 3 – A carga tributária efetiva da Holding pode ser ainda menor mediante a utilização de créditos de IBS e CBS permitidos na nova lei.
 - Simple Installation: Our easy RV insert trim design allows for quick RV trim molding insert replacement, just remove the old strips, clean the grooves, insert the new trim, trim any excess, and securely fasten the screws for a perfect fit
...
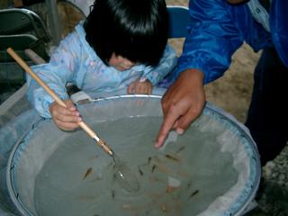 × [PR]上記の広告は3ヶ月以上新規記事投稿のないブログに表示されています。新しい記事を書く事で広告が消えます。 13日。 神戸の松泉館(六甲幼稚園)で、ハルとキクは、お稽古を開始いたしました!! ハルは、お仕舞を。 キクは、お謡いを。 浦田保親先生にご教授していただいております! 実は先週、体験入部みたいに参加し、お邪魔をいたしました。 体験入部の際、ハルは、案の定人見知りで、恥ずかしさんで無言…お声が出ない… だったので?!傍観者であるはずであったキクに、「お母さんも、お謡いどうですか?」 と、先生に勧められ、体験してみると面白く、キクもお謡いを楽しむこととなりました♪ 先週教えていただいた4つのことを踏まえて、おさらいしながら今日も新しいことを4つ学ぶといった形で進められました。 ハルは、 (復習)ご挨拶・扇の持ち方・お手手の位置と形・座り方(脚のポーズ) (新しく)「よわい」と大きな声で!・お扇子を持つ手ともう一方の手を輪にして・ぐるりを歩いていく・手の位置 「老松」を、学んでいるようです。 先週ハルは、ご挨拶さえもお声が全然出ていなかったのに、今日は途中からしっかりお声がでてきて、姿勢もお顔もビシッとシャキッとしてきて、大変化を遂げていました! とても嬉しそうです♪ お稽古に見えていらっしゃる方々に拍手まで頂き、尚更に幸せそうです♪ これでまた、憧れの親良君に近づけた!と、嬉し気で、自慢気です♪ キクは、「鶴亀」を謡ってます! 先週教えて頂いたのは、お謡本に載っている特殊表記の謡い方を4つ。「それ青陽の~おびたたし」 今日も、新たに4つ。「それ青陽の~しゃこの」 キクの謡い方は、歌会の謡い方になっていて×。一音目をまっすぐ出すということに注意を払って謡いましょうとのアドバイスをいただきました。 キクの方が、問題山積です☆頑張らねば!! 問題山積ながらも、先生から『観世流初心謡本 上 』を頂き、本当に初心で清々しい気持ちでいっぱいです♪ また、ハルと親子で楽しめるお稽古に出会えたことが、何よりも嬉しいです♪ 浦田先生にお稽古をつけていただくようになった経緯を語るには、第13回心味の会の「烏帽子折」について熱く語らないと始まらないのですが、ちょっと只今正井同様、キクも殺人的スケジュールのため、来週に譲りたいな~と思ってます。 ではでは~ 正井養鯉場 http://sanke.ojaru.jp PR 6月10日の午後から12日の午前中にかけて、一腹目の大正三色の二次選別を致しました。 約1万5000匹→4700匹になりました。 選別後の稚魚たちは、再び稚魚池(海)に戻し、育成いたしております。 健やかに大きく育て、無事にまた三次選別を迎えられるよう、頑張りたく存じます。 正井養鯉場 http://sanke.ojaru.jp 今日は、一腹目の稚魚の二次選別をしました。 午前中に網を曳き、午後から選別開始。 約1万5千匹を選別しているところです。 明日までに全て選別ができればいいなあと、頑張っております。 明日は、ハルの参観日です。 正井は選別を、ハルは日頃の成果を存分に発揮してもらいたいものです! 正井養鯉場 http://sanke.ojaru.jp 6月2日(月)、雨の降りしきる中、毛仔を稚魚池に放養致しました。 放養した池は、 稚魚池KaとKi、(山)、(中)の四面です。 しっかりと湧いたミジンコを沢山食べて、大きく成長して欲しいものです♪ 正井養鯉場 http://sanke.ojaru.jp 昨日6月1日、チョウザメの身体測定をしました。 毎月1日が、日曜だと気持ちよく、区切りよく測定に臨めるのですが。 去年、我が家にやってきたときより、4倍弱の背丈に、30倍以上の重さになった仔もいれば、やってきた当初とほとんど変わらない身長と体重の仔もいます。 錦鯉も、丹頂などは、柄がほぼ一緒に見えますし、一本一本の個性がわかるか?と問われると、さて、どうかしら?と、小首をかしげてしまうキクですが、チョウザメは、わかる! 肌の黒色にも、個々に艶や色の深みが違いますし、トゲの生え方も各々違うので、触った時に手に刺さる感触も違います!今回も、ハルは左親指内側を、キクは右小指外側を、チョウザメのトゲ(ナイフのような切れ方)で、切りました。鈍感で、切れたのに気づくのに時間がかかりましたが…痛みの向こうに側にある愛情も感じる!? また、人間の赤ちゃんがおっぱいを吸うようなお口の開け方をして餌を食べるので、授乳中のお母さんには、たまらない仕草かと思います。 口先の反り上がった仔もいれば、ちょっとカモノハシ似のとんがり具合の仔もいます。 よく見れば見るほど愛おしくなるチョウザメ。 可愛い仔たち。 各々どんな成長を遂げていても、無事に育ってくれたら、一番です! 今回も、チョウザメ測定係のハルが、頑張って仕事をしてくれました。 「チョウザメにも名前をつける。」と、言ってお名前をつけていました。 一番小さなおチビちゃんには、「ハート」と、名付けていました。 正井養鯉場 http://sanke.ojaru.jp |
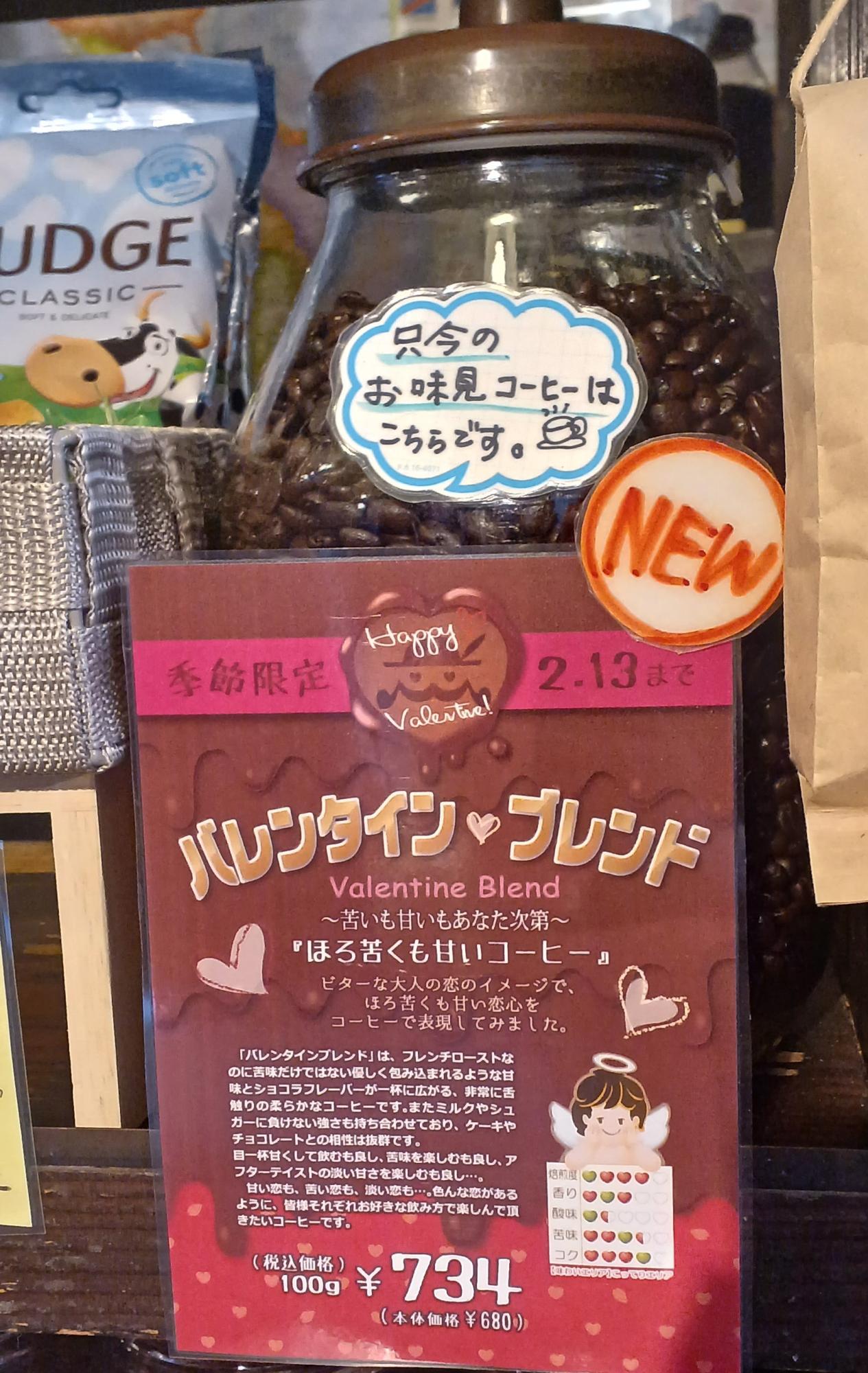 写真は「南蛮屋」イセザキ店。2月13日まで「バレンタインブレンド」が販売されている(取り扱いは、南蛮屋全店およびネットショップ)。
--
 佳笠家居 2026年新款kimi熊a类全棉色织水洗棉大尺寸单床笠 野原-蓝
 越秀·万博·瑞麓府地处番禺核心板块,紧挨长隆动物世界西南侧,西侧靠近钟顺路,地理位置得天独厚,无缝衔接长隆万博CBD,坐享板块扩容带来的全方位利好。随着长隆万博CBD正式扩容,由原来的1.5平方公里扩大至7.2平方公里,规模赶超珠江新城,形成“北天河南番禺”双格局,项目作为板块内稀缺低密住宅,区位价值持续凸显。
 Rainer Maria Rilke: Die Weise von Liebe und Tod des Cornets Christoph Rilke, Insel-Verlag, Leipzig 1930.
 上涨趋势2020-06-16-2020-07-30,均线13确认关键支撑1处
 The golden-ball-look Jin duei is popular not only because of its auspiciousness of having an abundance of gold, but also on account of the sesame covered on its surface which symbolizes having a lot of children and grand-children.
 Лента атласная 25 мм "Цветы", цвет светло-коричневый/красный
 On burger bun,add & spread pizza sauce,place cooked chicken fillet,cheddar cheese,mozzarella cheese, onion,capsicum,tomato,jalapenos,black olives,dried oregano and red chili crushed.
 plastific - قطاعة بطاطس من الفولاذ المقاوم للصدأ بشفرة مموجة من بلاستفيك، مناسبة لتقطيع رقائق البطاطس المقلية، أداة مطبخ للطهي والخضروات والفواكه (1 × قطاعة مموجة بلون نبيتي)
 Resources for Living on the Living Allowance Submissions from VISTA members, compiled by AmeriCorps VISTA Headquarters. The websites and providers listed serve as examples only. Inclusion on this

▶ Required action: For the listing above, print only the lines starting at the line containing "Лента атласная 25" and ending at the line containing "Resources for Living", exactly, both included.

▶ Solution to this exercise:
 Лента атласная 25 мм "Цветы", цвет светло-коричневый/красный
 On burger bun,add & spread pizza sauce,place cooked chicken fillet,cheddar cheese,mozzarella cheese, onion,capsicum,tomato,jalapenos,black olives,dried oregano and red chili crushed.
 plastific - قطاعة بطاطس من الفولاذ المقاوم للصدأ بشفرة مموجة من بلاستفيك، مناسبة لتقطيع رقائق البطاطس المقلية، أداة مطبخ للطهي والخضروات والفواكه (1 × قطاعة مموجة بلون نبيتي)
 Resources for Living on the Living Allowance Submissions from VISTA members, compiled by AmeriCorps VISTA Headquarters. The websites and providers listed serve as examples only. Inclusion on this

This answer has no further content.